Recommendation. Update the multi_range_check statement to apply it to (w0, w1, w2).

Client Response. The issue was fixed as recommended.

Description. Kimchi, the proof system underlying Zeko, supports “multi-range checks”: using a combination of 3 gates (2x range_check0 and 1x range_check1) to perform an 88-bit range check on all three limbs of a 264-bit bigint. These range checks were originally added to Kimchi to support foreign field arithmetic, and were later reused for bigint arithmetic on the native field, to enable relatively cheap full-field comparisons.

However, circuits using multi-range checks were only added to o1js, Kimchi’s TS “frontend”, and not to the OCaml frontend snarky that Zeko uses. Therefore, Zeko had to reimplement some gadgets down to the most low-level parts, like multi_range_check and wrappers around the range_check0 and range_check1 gates.

In multi_range_check, two calls to range_check0 serve to range-check the lower 64-bits of each of the lower two limbs. The remaining 24 bits of each of those limbs are left to be range-checked by range_check1 (which uses up two PLONK rows, with 4 12-bit lookups each). To enable this, range_check0 returns two 12-bit slices of the limb, and passes them to range_check1.

let multi_range_check x y z =
    let* v0p0, v0p1 = range_check0 x in
    let* v1p0, v1p1 = range_check0 y in
    range_check1 ~v2:z ~v0p0 ~v0p1 ~v1p0 ~v1p1

Unfortunately, range_check0 returns the wrong 12-bit slices: (v0p4, v0p5) instead of (v0p0, v0p1). As a result, some slices are range-checked twice while v0p0, v0p1 and v1p0, v1p1 (the most significant slices of their respective limb) are not range-checked at all.

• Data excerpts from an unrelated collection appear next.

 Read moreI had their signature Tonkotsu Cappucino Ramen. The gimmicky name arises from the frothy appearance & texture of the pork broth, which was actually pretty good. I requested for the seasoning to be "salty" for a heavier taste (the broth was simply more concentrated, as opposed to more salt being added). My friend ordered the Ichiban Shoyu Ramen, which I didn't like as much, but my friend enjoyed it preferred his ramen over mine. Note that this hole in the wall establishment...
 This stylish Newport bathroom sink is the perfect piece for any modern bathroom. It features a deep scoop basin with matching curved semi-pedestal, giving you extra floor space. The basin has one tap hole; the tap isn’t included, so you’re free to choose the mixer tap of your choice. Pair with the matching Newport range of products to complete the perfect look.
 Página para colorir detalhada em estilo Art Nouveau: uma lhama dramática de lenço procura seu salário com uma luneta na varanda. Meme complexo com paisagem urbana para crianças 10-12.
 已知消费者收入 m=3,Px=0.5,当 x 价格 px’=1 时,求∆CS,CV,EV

Due to the mistake, the entire multi-range check is ineffective, since an arithmetically valid decomposition of each limb can move an arbitrarily large value into the unchecked slices. With its multi-range check turned off, the higher-level assert_greater_than_full x y gadget can successfully be called with any x and y.

Impact. As in the two previous findings, the indexed Merkle tree is broken and the prover is free to insert entries that already existed.

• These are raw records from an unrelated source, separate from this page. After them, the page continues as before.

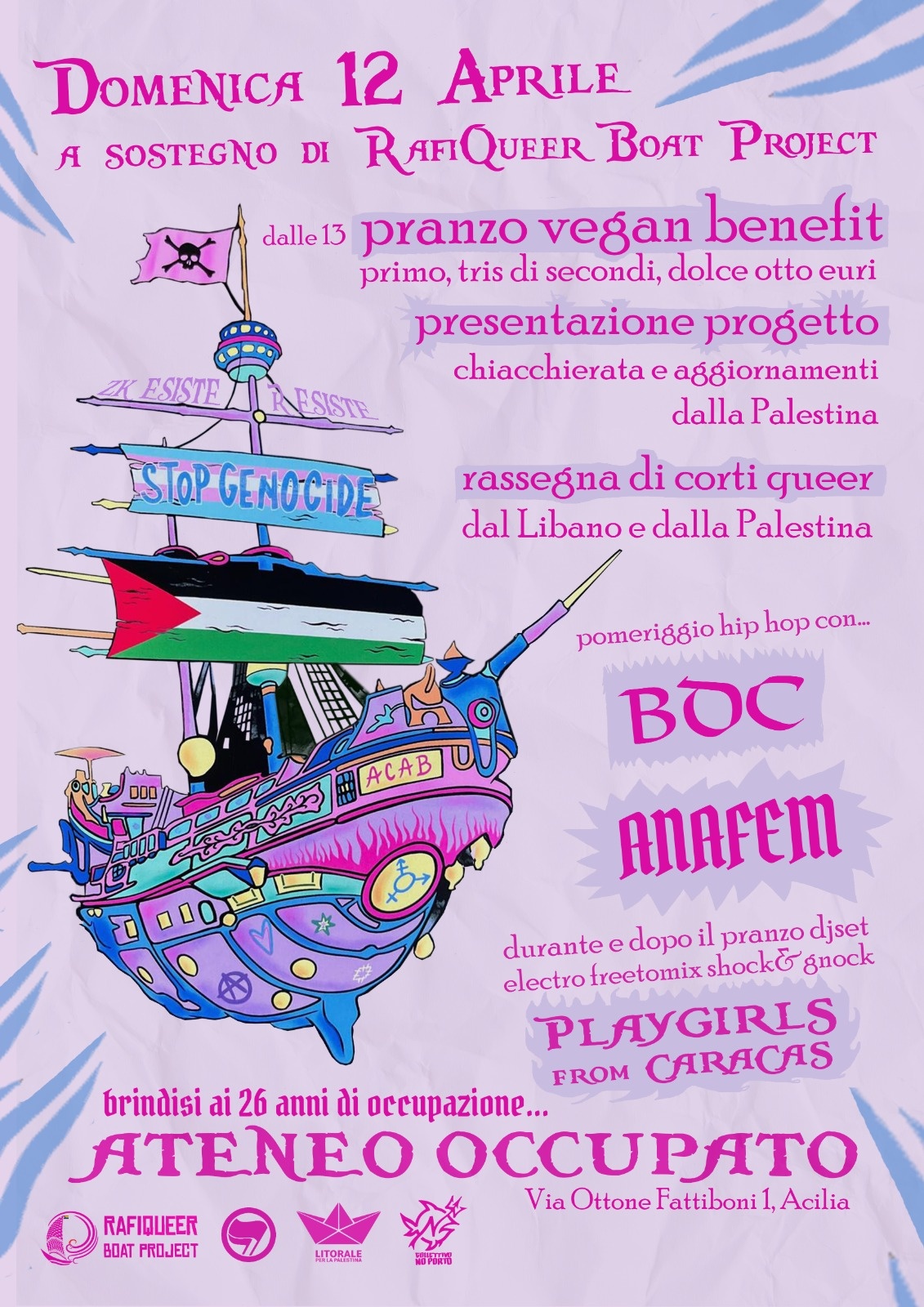 Domenica 12 aprile ci vediamo per una giornata di solidarietà e sostegno alla RafiQueer Boat Project. In un momento in cui genocidio, occupazione e repressione continuano, costruiamo dal basso pratiche concrete di supporto, informazione e condivisione.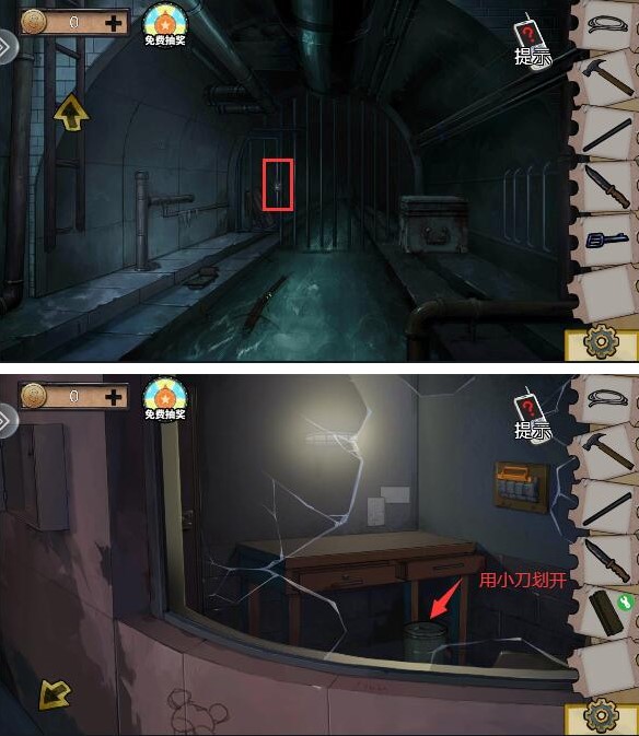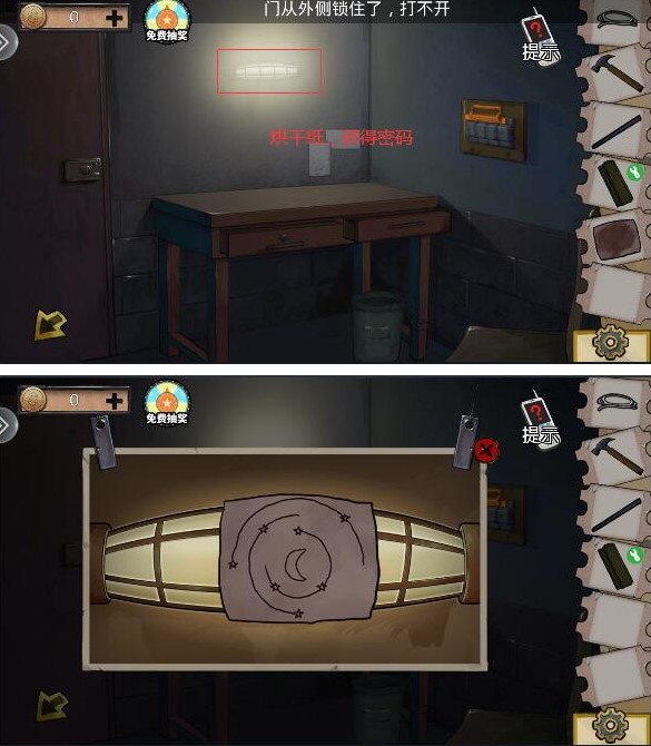 6、回到下水道,用钥匙打开图中的锁,获得木板,然后去警卫室,用小刀划开垃圾桶,使用夹子得到湿纸片,放到警卫室的灯上面烘干,获得下水道密码箱的密码;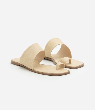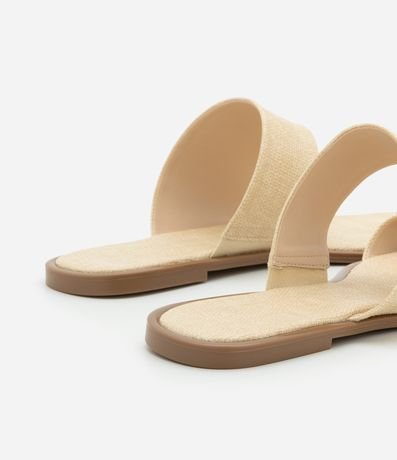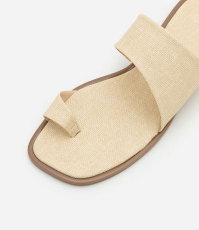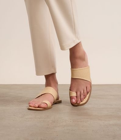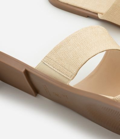 Ref: Sandália feminina confeccionada em material sintético bico redondo com dedeira, tira larga, com sola contrastante e efeito ráfia.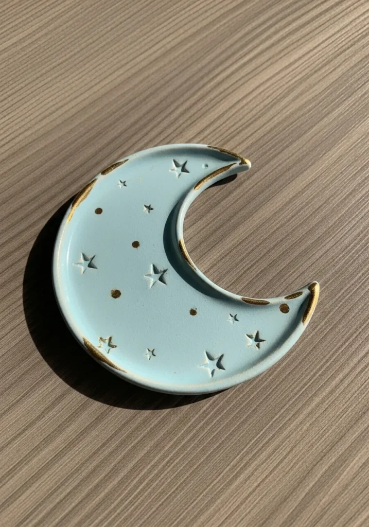 This crescent moon dish has a smooth curved shape with tiny star details scattered across the surface. The soft blue glaze feels calm and dreamy, with subtle variations that add depth. The shallow design makes it perfect for jewelry or small keepsakes.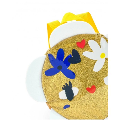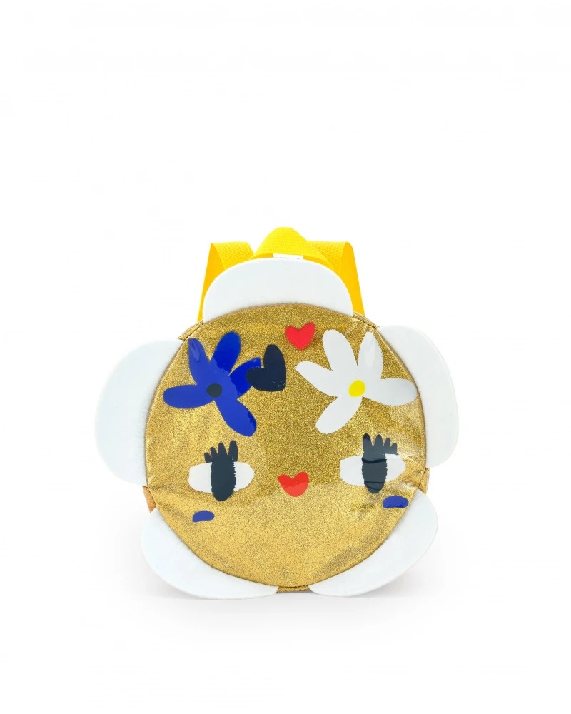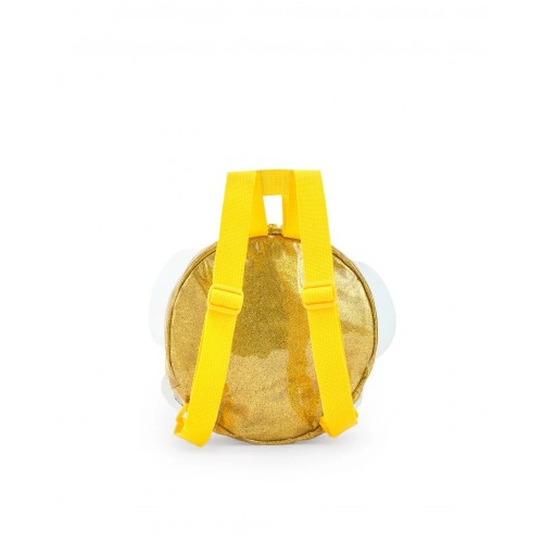 Girls' round backpack in shiny gold with adjustable yellow straps for a comfortable fit.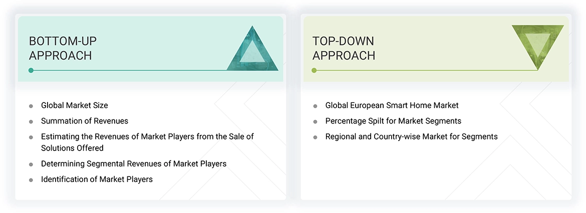 The research study involved four major steps in estimating the European smart home market size. Exhaustive secondary research has been done to collect important information about the market and peer markets. The next step has been to validate these findings and assumptions and size them with the help of primary research with industry experts across the value chain. Both top-down and bottom-up approaches have been used to estimate the market size. After this, the market breakdown and data triangulation approaches have been adopted to estimate the market sizes of segments and subsegments.

Recommendation. Change the return values of range_check0 to be (v0p0, v0p1).

Client Response. The issue was fixed as recommended.

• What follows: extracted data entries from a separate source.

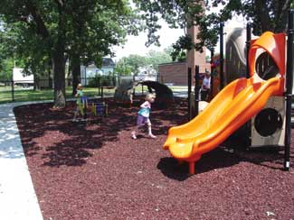 Recycled rubber mulch, synthetic grass, and sand allow for infiltration and reduce compaction during playground use. The concrete ?EUR??,,????'?????<?Tricycle Track?EUR??,,????'?????<? that bounds the playground and educates children about signs in the urban landscape, was poured without compaction of the subgrade using a high fiberglass content concrete, which continues the low-compaction root-zone theme. The mural wall, which is maintained by the local Art Club, is constructed from lightweight and durable Alucobond panels. Yes, that is the same material used in exterior building cladding systems and signage.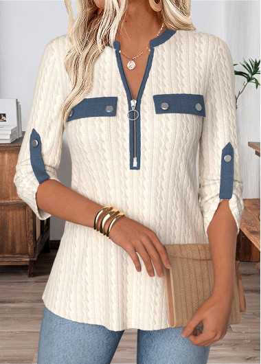 Beige Curved Hem 3/4 Sleeve Split Neck Blouse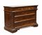 Antico cassettone in noce a quattro cassetti riquadrati e lastronati in radica,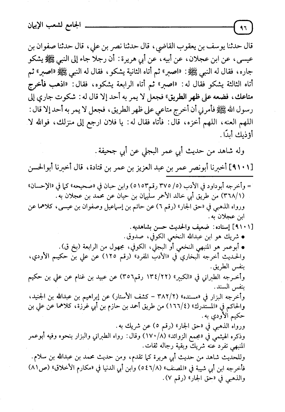 9101 - أَخْبَرَنَا أَبُو نَصْرٍ عُمَرُ بْنُ عَبْدِ الْعَزِيزِ بْنِ عُمَرَ بْنِ قَتَادَةَ، قَالَ: أَنَا أَبُو الْحَسَنِ -[97]- مُحَمَّدُ بْنُ الْحَسَنِ بْنِ إِسْمَاعِيلَ السِّرَاجُ، قَالَ: نَا عَبْدُ اللهِ بْنُ عَثَّامِ بْنِ حَفْصِ بْنِ غِيَاثٍ، نَا عَلِيُّ بْنُ حَكَمٍ الْأَوْدِيُّ، قَالَ: أَنَا شَرِيكٌ، عَنْ أَبِي عُمَرَ، عَنْ أَبِي جُحَيْفَةَ، قَالَ: جَاءَ رَجُلٌ إِلَى النَّبِيِّ صَلَّى اللَّهُ عَلَيْهِ وَسَلَّمَ §يَشْكُو جَارَهُ، فَقَالَ لَهُ النَّبِيُّ صَلَّى اللَّهُ عَلَيْهِ وَسَلَّمَ: " اطْرَحْ مَتَاعَكَ عَلَى الطَّرِيقِ أَوْ فِي الطَّرِيقِ " فَطَرَحَهُ، فَجَعَلَ النَّاسُ يَمُرُّونَ عَلَيْهِ يَلْعَنُونَهُ، فَجَاءَ إِلَى النَّبِيِّ صَلَّى اللَّهُ عَلَيْهِ وَسَلَّمَ، فَقَالَ: يَا رَسُولَ اللهِ، مَا لَقِيتُ مِنَ النَّاسِ؟ قَالَ: " وَمَا لَقِيتَ مِنْهُمْ؟ " قَالَ: يَلْعَنُونِي، قَالَ: " فَقَدْ لَعَنَكَ اللهُ عَزَّ وَجَلَّ قَبْلَ النَّاسِ "، قَالَ: فَإِنِّي لَا أَعُودُ أَبَدًا يَا رَسُولَ اللهِ، قَالَ: فَجَاءَ الَّذِي شَكَى إِلَى النَّبِيِّ صَلَّى اللَّهُ عَلَيْهِ وَسَلَّمَ، فَقَالَ لَهُ النَّبِيُّ صَلَّى اللَّهُ عَلَيْهِ وَسَلَّمَ: " ارْفَعْ مَتَاعَكَ، فَقَدْ أَمِنْتُ أَوْ كُفِيتَ "، وَقَالَ غَيْرُهُ: عَنْ عَلِيِّ بْنِ حَكِيمٍ: " إِنَّ لَعْنَةَ اللهِ فَوْقَ لَعْنَتِهِمْ "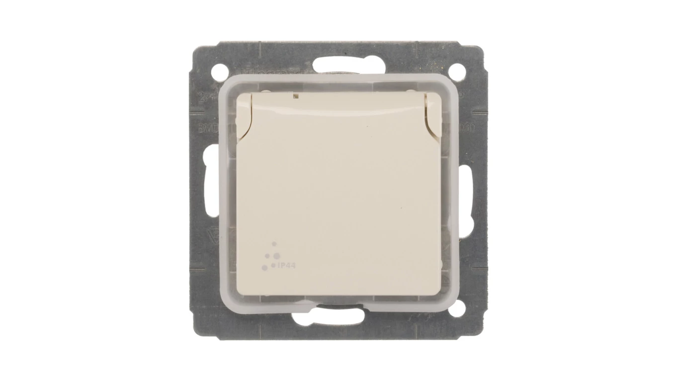 CARIVA Gniazdo pojedyncze z/u 16A IP44 z przesłonami kremowe 773728

Description. On Zeko, withdrawals to the L1 are subject to a withdrawal_delay: a minimum time that must pass before the withdrawal can be finalized, counted in number of slots since the first L1 commit which includes the L2 withdrawal transaction.

We found that the method to finalize a withdrawal does not actually check that the withdrawal is contained in the mentioned commit. Consequently, a caller of the method could witness an unrelated, much older commit. In that case, the check that withdrawal_delay slots passed since the commit tells us nothing about the withdrawal itself. In other words, the withdrawal delay is not enforced.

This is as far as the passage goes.